The plan is to create massive amounts of data that can be available to historians, archaeologists, linguists, and conservators who can interpret the results and decide whether they make historical sense.
The new AI project called Tracing Scribes and Scrolls, brings together researchers from the University of Groningen in Holland, the Israel Antiquities Authority, and leading laboratories and research institutions across Europe.
By combining state-of-the-art chemical analysis, artificial intelligence, paleography, and codicology, the research aims to reconstruct the geographical and cultural contexts in which the scrolls were produced.
The Dead Sea Scrolls are currently under the guardianship of the Israel Antiquities Authority in Jerusalem, and they are one of the most significant archaeological discoveries of the twentieth century.

They include the earliest known manuscripts of many books of the Hebrew Bible, together with a remarkable collection of Jewish literary works dating from the late Second Temple period of Jewish life.
Despite decades of research, the precise locations where many of the scrolls were manufactured, prepared, and copied remain unknown.
Were some of the scrolls written at Qumran by a Jewish community living in seclusion there? Were others brought from additional centers of scribal activity in Judea, from Jerusalem, and hidden in the caves in times of danger and peril? Or were the caves also a library, or as a kind of ancient genizah, a place where Jews buried old holy books and literature? These questions stand at the heart of the new project.

Professor Popović, one of the world’s leading authorities on the Dead Sea Scrolls, will lead a multidisciplinary team of historians, archaeologists, material scientists, chemists, and artificial intelligence specialists over the next five years.
The team will analyze approximately 250 samples from the Authority’s Dead Sea Scrolls collection, including parchment, papyrus, and ink.
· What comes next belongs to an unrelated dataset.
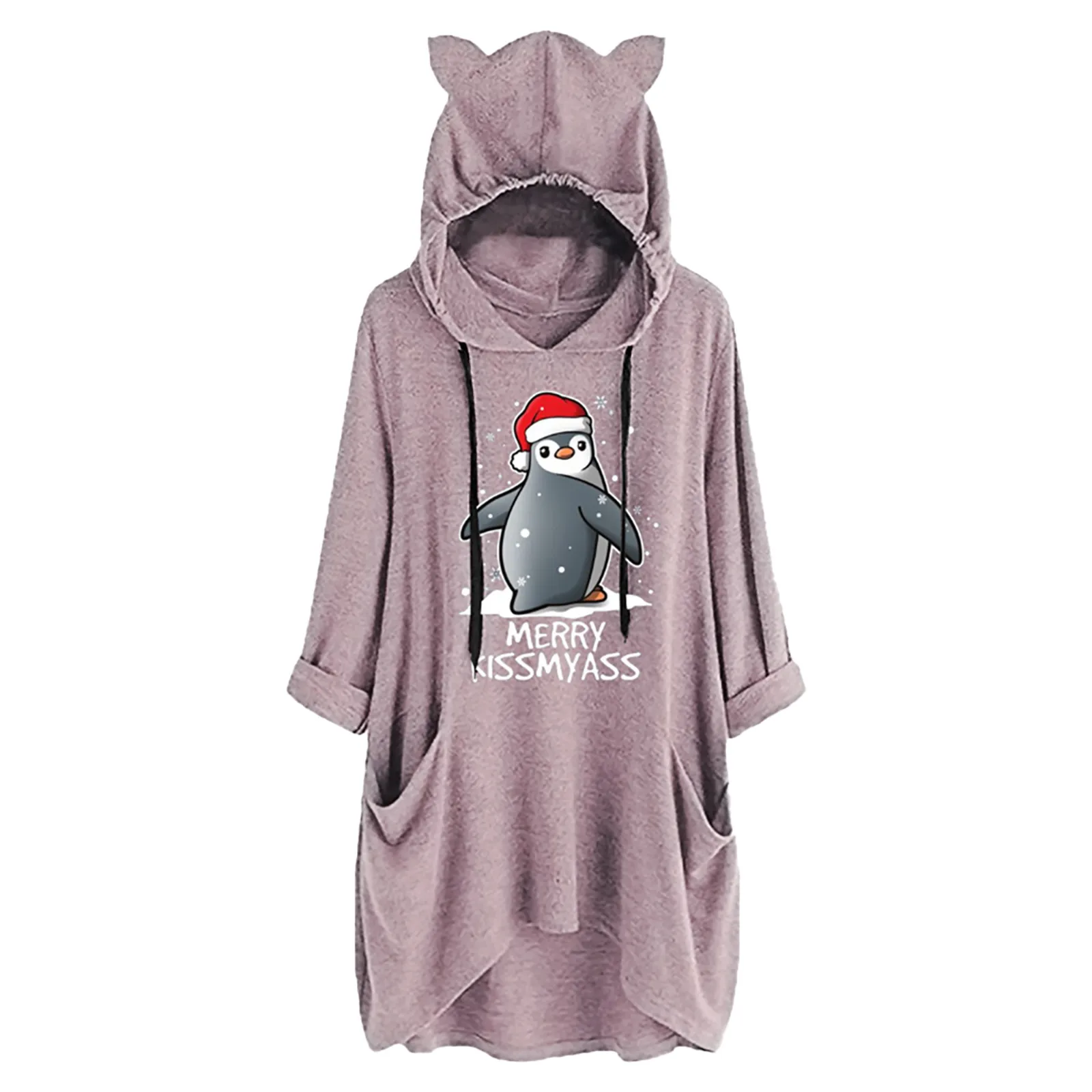 Женская Длинная толстовка с капюшоном, Повседневная Толстовка с капюшоном, с рисунком пингвина, средней длины, A40

For the first time, papyri from Egypt will be examined alongside papyri from Qumran and other Judean Desert sites, allowing researchers to compare their chemical signatures directly.
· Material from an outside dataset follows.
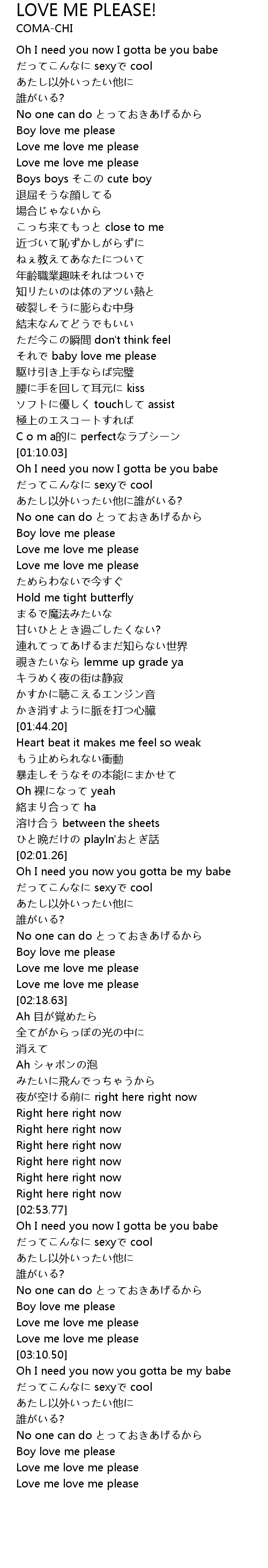 | [01:10.54] | Oh I need you now I gotta be you babe |

These analyses are expected to help identify the material “fingerprints” of the scrolls, reveal the provenance of raw materials, identify production practices, and uncover connections between different centers of scribal activity.

Complementary approaches will enable researchers to develop an unprecedented model for mapping the more than 25,000 Dead Sea Scroll fragments preserved by Israel.
The project aims to place individual manuscripts and scribes within their geographical and chronological contexts while identifying centers of writing, learning, literary production, and knowledge transmission in ancient Judea.
According to Professor Mladen Popović of the University of Groningen, Principal Investigator of the project:
The project builds on Professor Popović’s previous ERC-funded project, The Hands That Wrote the Bible, which pioneered the use of artificial intelligence to identify individual scribes responsible for copying the Dead Sea Scrolls. Tracing Scribes and Scrolls expands this work by moving beyond the identification of scribal hands to investigate where scribes worked, the materials they used, and the broader cultural and intellectual networks in which the manuscripts were created and circulated.
“By combining advanced laboratory analysis with the study of ancient handwriting and the remarkable advances in artificial intelligence made in recent years, we are now able to address questions that were previously beyond our reach: who copied these manuscripts, where they were produced, how knowledge circulated, and the role these texts played within the society of their time, said Ilit Cohen-Ofri of the Israel Antiquities Authority in a press release they sent to Green Prophet.
Who is working on the Dead Sea Scrools on the AI project?
There is University of Pisa (Ilaria Degano), the University of Naples Federico II (Leila Birolo), and the University of Southern Denmark in Odense (Kaare Rasmussen and Frank Kjeldsen). At the University of Groningen, Dr. Maruf Dhali will play a central role in developing and implementing the artificial intelligence methods that will integrate the project’s chemical data and identify patterns of provenance and scribal affiliation.
The project also includes collaborations with the Egyptian Museums in Berlin and Turin, as well as KU Leuven, as part of a comparative study of papyri from Egypt and the Judean Desert.